** STORED DATA follows **

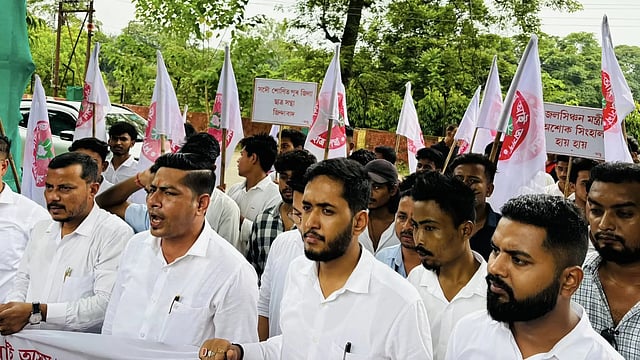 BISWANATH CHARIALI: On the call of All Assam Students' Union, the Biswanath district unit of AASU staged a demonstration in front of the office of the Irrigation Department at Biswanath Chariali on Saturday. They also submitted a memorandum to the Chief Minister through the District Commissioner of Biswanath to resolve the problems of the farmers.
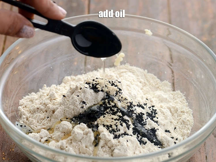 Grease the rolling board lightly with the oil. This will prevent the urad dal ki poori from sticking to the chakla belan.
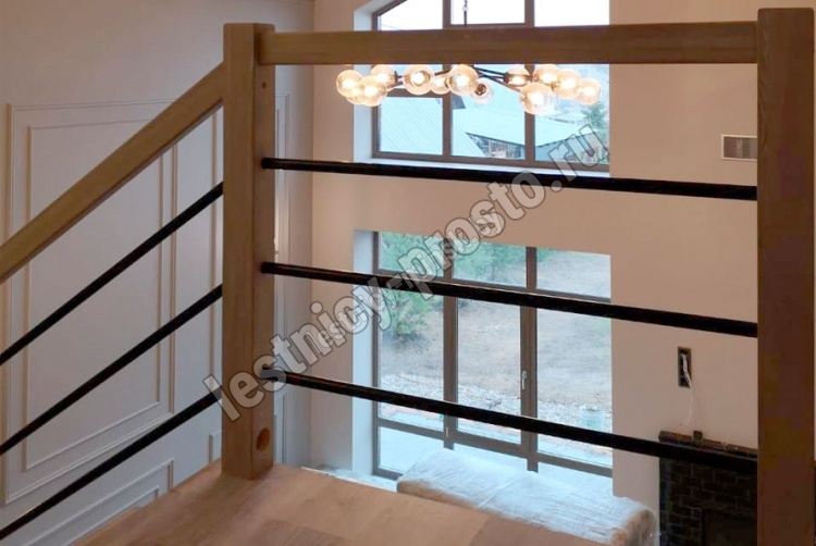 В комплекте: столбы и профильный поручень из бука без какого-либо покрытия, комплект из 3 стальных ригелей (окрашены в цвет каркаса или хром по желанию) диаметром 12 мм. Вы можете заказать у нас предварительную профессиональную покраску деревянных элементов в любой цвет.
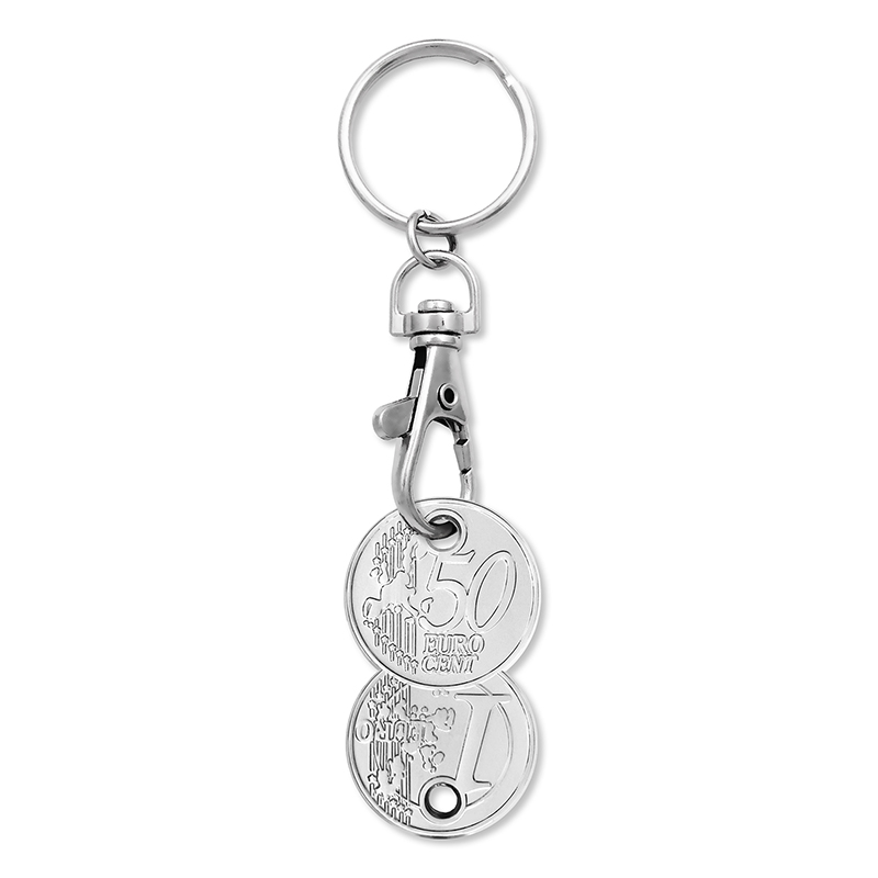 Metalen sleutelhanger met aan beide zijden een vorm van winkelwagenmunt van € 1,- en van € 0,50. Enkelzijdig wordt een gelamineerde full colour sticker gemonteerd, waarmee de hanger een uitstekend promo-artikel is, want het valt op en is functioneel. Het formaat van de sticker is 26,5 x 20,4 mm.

** End of STORED DATA **

After removing the pictures, restate the whole listing above word for word.

 BISWANATH CHARIALI: On the call of All Assam Students' Union, the Biswanath district unit of AASU staged a demonstration in front of the office of the Irrigation Department at Biswanath Chariali on Saturday. They also submitted a memorandum to the Chief Minister through the District Commissioner of Biswanath to resolve the problems of the farmers.
 Grease the rolling board lightly with the oil. This will prevent the urad dal ki poori from sticking to the chakla belan.
 В комплекте: столбы и профильный поручень из бука без какого-либо покрытия, комплект из 3 стальных ригелей (окрашены в цвет каркаса или хром по желанию) диаметром 12 мм. Вы можете заказать у нас предварительную профессиональную покраску деревянных элементов в любой цвет.
 Metalen sleutelhanger met aan beide zijden een vorm van winkelwagenmunt van € 1,- en van € 0,50. Enkelzijdig wordt een gelamineerde full colour sticker gemonteerd, waarmee de hanger een uitstekend promo-artikel is, want het valt op en is functioneel. Het formaat van de sticker is 26,5 x 20,4 mm.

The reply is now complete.